No, that is precisely the best reason for them. If they
have local resources then when access to those resources
is critical they need a local DC (GC/DNS probably).
If it would have been me, i would have put the offices in
workgroups, since they only use an intranet application and don't need
all the shared drives, SMS, and other customisations that we have done
for our standard enterprise XP product.

Well, if the shares are NOT local and they would lose
access to them (over a WAN) everytime they lost a
remote DC, then the local DCs may not make (as much)
sense.
Well they also decided that each office above would be a site, so many
many sites.

That is usually correct. But you are in the area where Site
Link Bridge (Grouping) is probably critical.
Haven't been technical for a while, but I believe that we don't use the
KCC per Microsoft recommendations (until we get to 2003) since we have
so many sites.

You likely would still be following the MS recommendations
for exception (number of Sites) like you have.

You CAN use the KCC however if you create custom
SiteLinkBridge(Groups) as islands of transitive replication,
separate from other groups (turning off the default which
groups them all into one SiteLinkBridge-group).
Two connection documents are created for each site.
Basically we have a double-ring replication topology, in opposite
directions and they replicate differently (even hours on one and odd on
the other IIRC)

That's a good manual choice (likely), although I
would probably have looked at the SiteLinkBridge-group
idea -- although practically no books have explained that
correctly and most consultants haven't a clue.
is to > use some virtual servers to maintain some virtual DCs for each
domain.
of a > disaster, you can have those DCs up and running quickly because
you don't > have to worry about hardware and doing AD recovery.

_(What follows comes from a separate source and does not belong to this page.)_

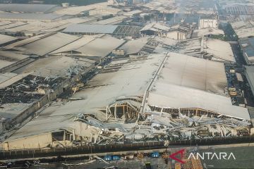 Foto udara kawasan industri yang terdampak angin puting beliung di Kabupaten Sumedang, Jawa Barat, Kamis (22/2/2024). BPBD Provinsi Jawa Barat mencatat, bencana angin puting beliung yang terjadi di Kabupaten Sumedang dan Kabupaten Bandung tersebut mengakibatkan 97 rumah dan 17 unit bangunan pabrik mengalami kerusakan, serta 413 kepala keluarga terdampak dan 31 orang dilarikan ke rumah sakit. ANTARA FOTO/Raisan Al Farisi/rwa.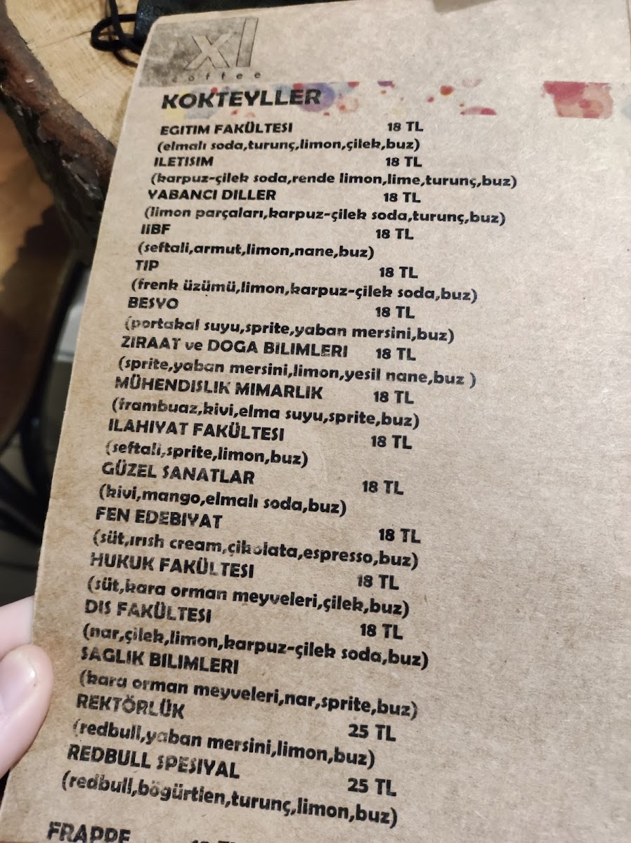 XL coffee Menu

That's a neat idea. Although, in case of a forest wide crash, we would
still have to shut down every DC per the MS document I referred to
above, which is the big time waster in our case. Agreed though that it
saves on the DC build time.

What is this reference?
Stupid question, but users that were logged on while the forest crashed
would still have access to all ressources right?

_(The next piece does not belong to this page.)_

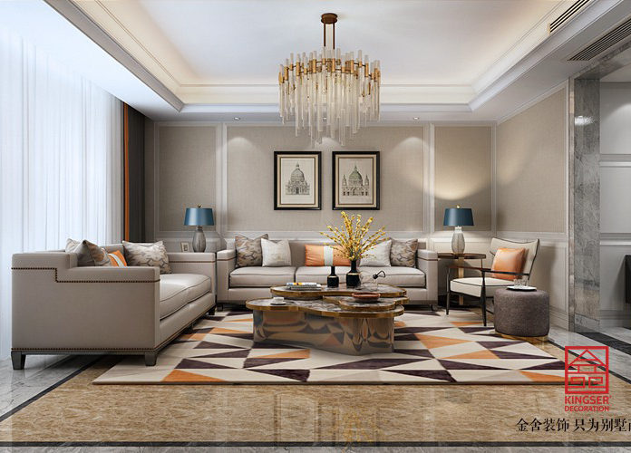 榮盛華府178平米美式輕奢風格裝修效果圖

All or probably SOME (unpredictable) until the tickets
expires (Kerberos ticket life is configurable per domain.)
Since they have the
Kerberos token (probably wrong terminolgy sorry) already they would
still access their shares correct?

Kerberos calls it a 'ticket' but Microsoft calls their portion
a (security access) token so the words make sense either
way in this case.
Just want to prove that while it
would be a giant PITA, it would not mean the end of the business as
some people here would like to believe.
Once again, thanks for the comments,

I think it would help us (help you) if we read that document.